## Source data

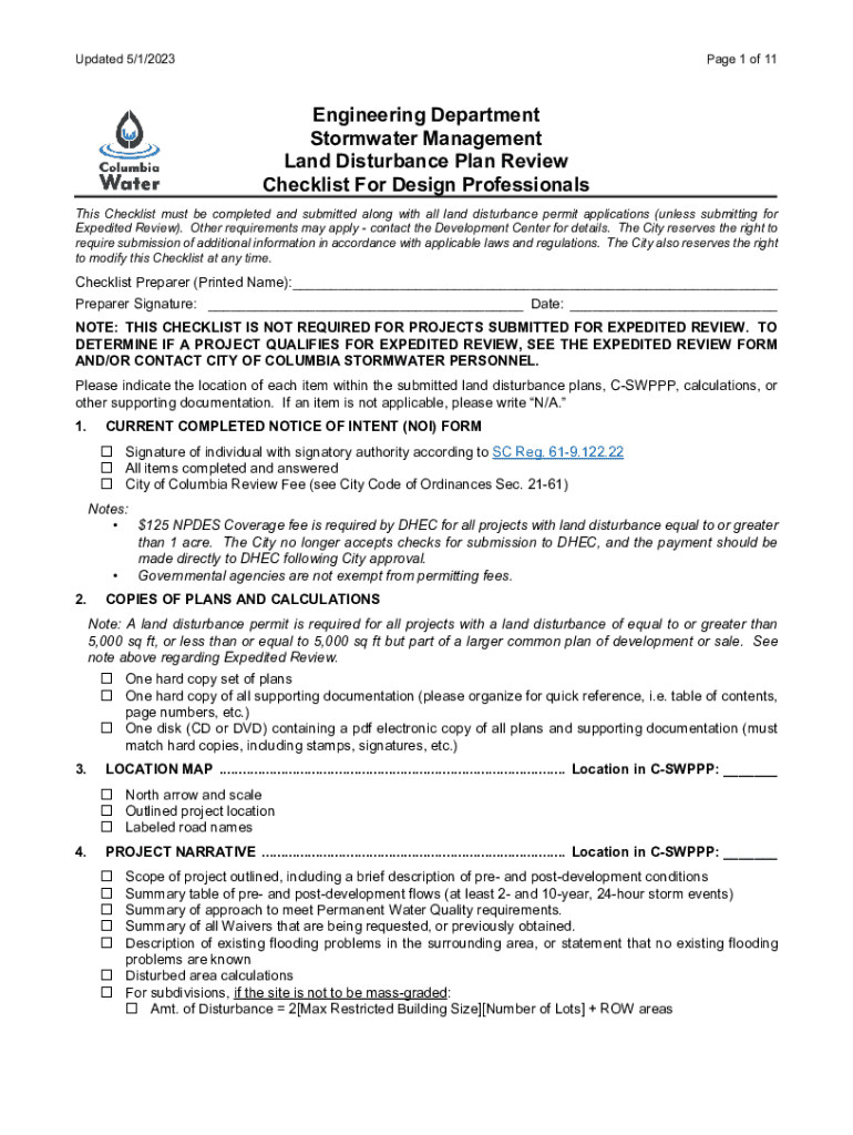 Updated 5/1/2023Page 1 of 11Engineering Department Stormwater Management Land Disturbance Plan Review Checklist For Design Professionals This Checklist must be completed and submitted along with all
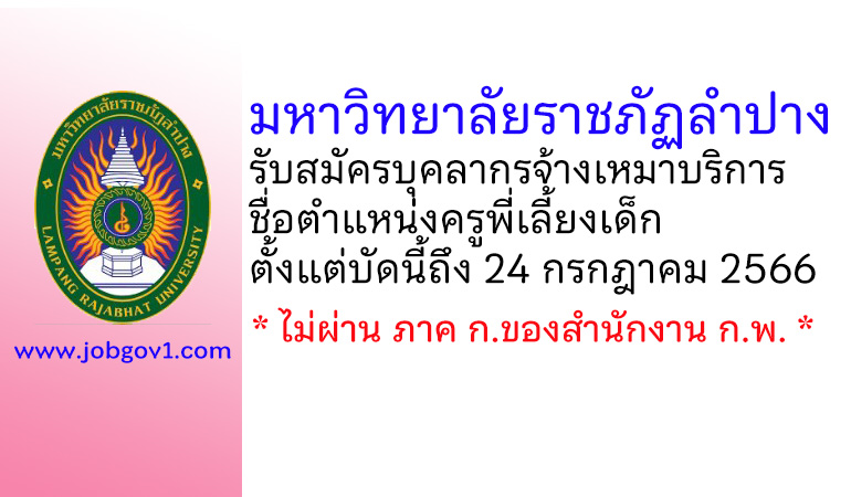 โรงเรียนสาธิตมหาวิทยาลัยราชภัฏลำปาง รับสมัครบุคลากรจ้างเหมาบริการ ตำแหน่งครูพี่เลี้ยงเด็ก ตั้งแต่บัดนี้ถึง 24 กรกฎาคม 2566
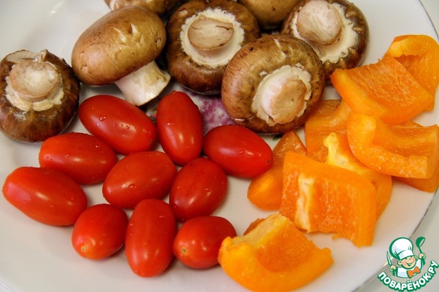 Помидоры и грибы помыть, перец нарезать на квадраты.
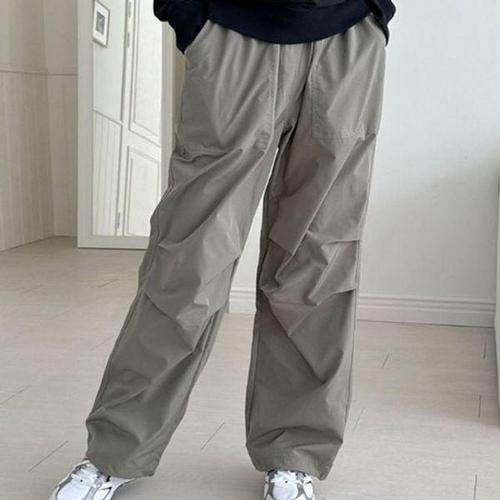 [에이치플러스몰]레이디스고무줄 트라우저 일자 트라우저 짐웨어 바지 폴리혼방 올데이 데일리룩 프리사..
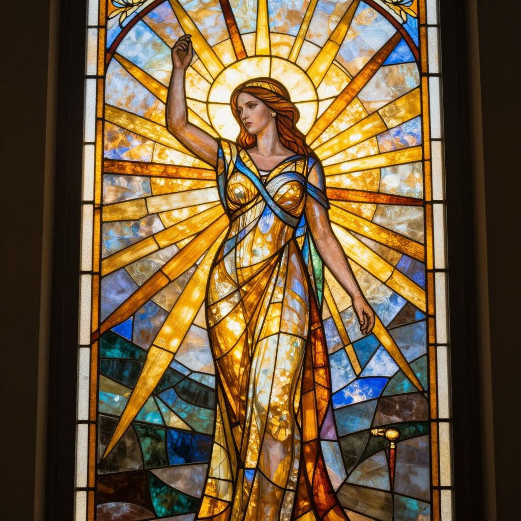 Stained glass artwork of a radiant, golden-robed woman with long brown hair, standing against a sunburst background, with blue and orange hues.
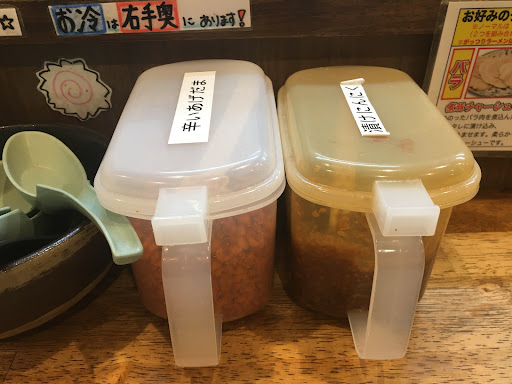 【がっつり】のほうが豚バラとかにも脂肪の部分が多いせいか試したら残しました。まぁ【こってり】も多いんだけどね。なお【こってり】は豚骨ベースか醤油ベースを選べます。
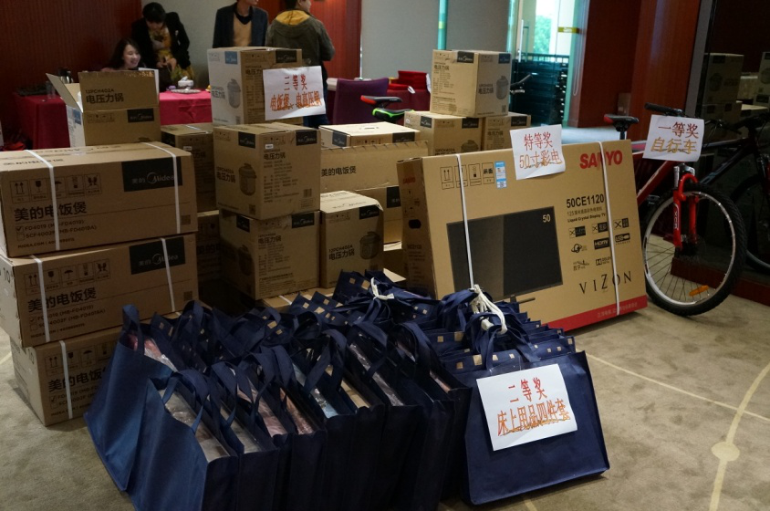 伴随着热情欢快的《西班牙斗牛舞》的响起,令人振奋的抽奖环节到来了,每个人都打起十二分的精神,紧紧地盯着抽奖箱,在全场所有人员的阵阵掌声中,大发(中国)的工作人员摇动抽奖箱,现场一片欢声笑语,由公司董事会领导为大发(中国)抽出了特等奖、一等奖、二等奖、三等奖并为获得者颁发奖品,其中更有董事会领导现场派发约6万元现金奖,把年会气氛渐渐推向高潮,每位员工的脸上都是红光满面,人人得奖,部分人员出现二次中奖,本次年会员工获奖率达到了160%。
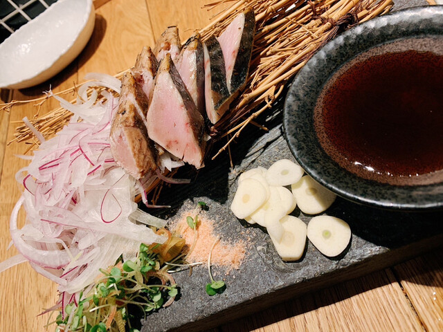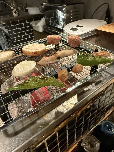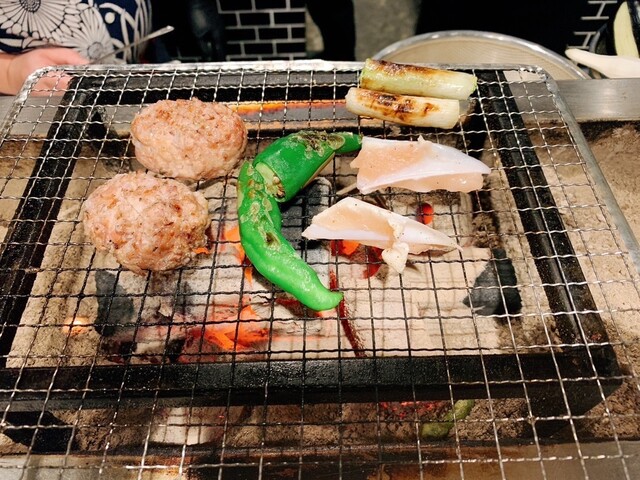 焼きたての鶏肉や旬のお野菜や鳥刺しと名物の大トロいわしをいただきました。
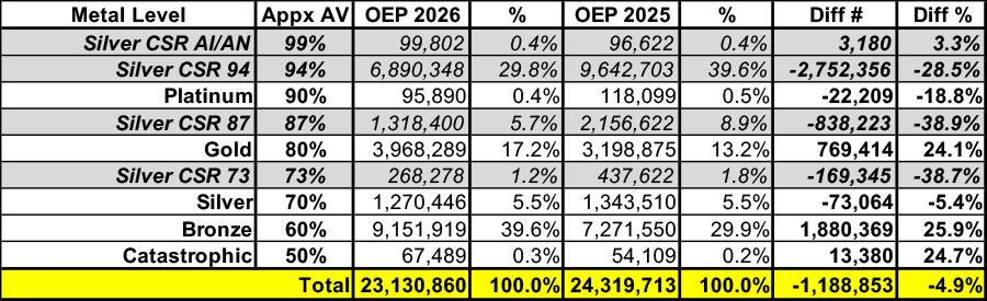 This also means that anyone who moved from a CSR 87, 94 or AI/AN plan in 2025 to a Gold plan in 2026 actually downgraded the Actuarial Value of their coverage in the process.
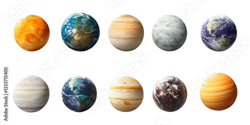 Pack Planet Set on Transparent Background for Astronomy, Science, and Space Designs
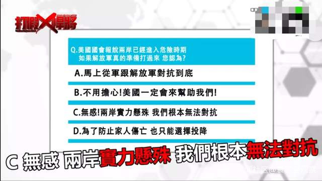 第一組受訪者的選擇就是C選項,當被問到原因的時候,他直接回答説,美國是不可能過來的,他們也許會對台灣有一點援助,但肯定不可能犧牲到太多。畢竟大陸一旦打過來,幾天大概就爛掉了,就掛了,差距太大了。
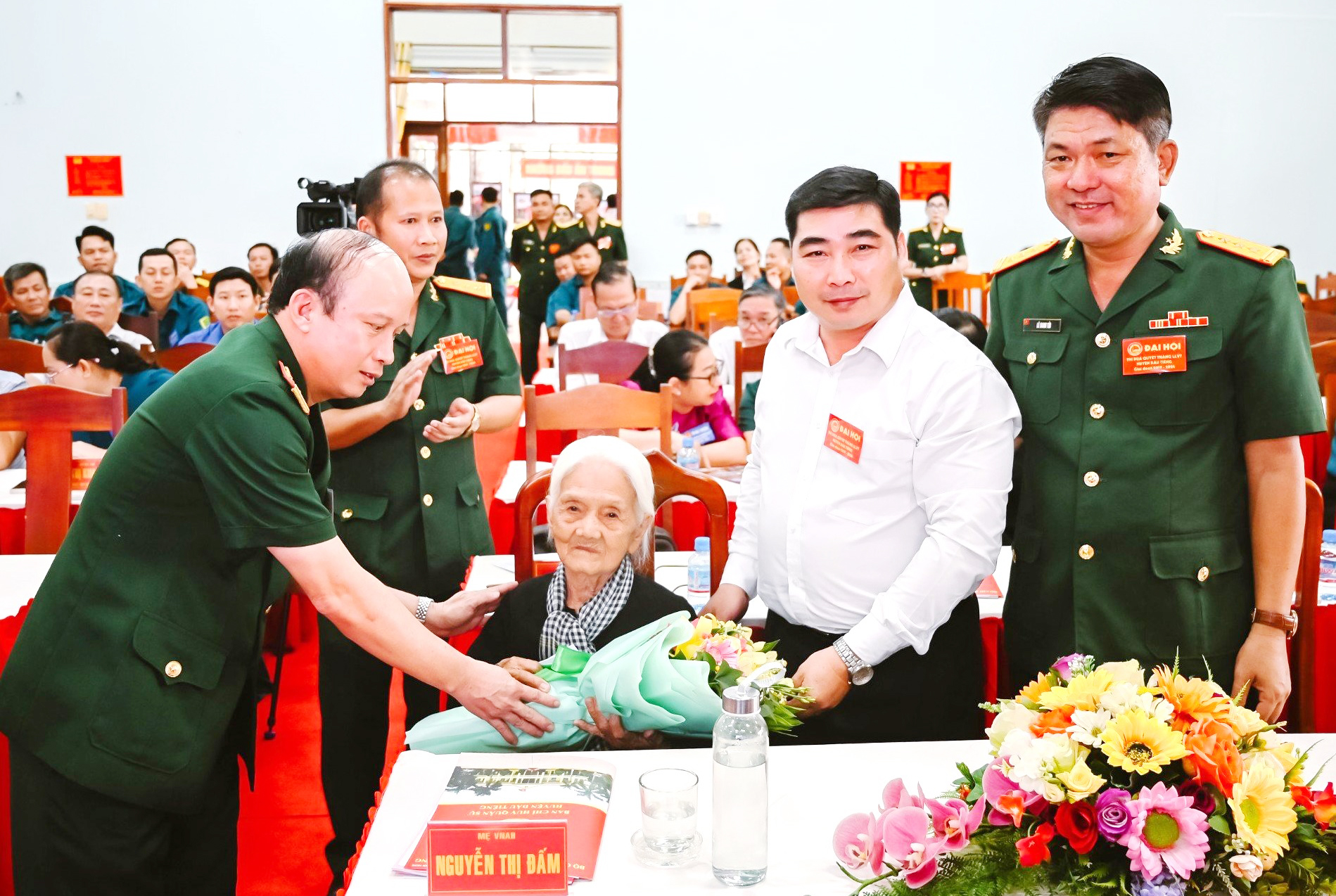 Đại tá Nguyễn Đình Chuẩn và lãnh đạo địa phương tặng hoa Mẹ Việt Nam anh hùng.

## Work instruction
Restate word for word the lines starting at the one that contains "Помидоры и грибы" and ending at the last line of the data. Skip every picture.

## Reply
 Помидоры и грибы помыть, перец нарезать на квадраты.
 [에이치플러스몰]레이디스고무줄 트라우저 일자 트라우저 짐웨어 바지 폴리혼방 올데이 데일리룩 프리사..
 Stained glass artwork of a radiant, golden-robed woman with long brown hair, standing against a sunburst background, with blue and orange hues.
 【がっつり】のほうが豚バラとかにも脂肪の部分が多いせいか試したら残しました。まぁ【こってり】も多いんだけどね。なお【こってり】は豚骨ベースか醤油ベースを選べます。
 伴随着热情欢快的《西班牙斗牛舞》的响起,令人振奋的抽奖环节到来了,每个人都打起十二分的精神,紧紧地盯着抽奖箱,在全场所有人员的阵阵掌声中,大发(中国)的工作人员摇动抽奖箱,现场一片欢声笑语,由公司董事会领导为大发(中国)抽出了特等奖、一等奖、二等奖、三等奖并为获得者颁发奖品,其中更有董事会领导现场派发约6万元现金奖,把年会气氛渐渐推向高潮,每位员工的脸上都是红光满面,人人得奖,部分人员出现二次中奖,本次年会员工获奖率达到了160%。
 焼きたての鶏肉や旬のお野菜や鳥刺しと名物の大トロいわしをいただきました。
 This also means that anyone who moved from a CSR 87, 94 or AI/AN plan in 2025 to a Gold plan in 2026 actually downgraded the Actuarial Value of their coverage in the process.
 Pack Planet Set on Transparent Background for Astronomy, Science, and Space Designs
 第一組受訪者的選擇就是C選項,當被問到原因的時候,他直接回答説,美國是不可能過來的,他們也許會對台灣有一點援助,但肯定不可能犧牲到太多。畢竟大陸一旦打過來,幾天大概就爛掉了,就掛了,差距太大了。
 Đại tá Nguyễn Đình Chuẩn và lãnh đạo địa phương tặng hoa Mẹ Việt Nam anh hùng.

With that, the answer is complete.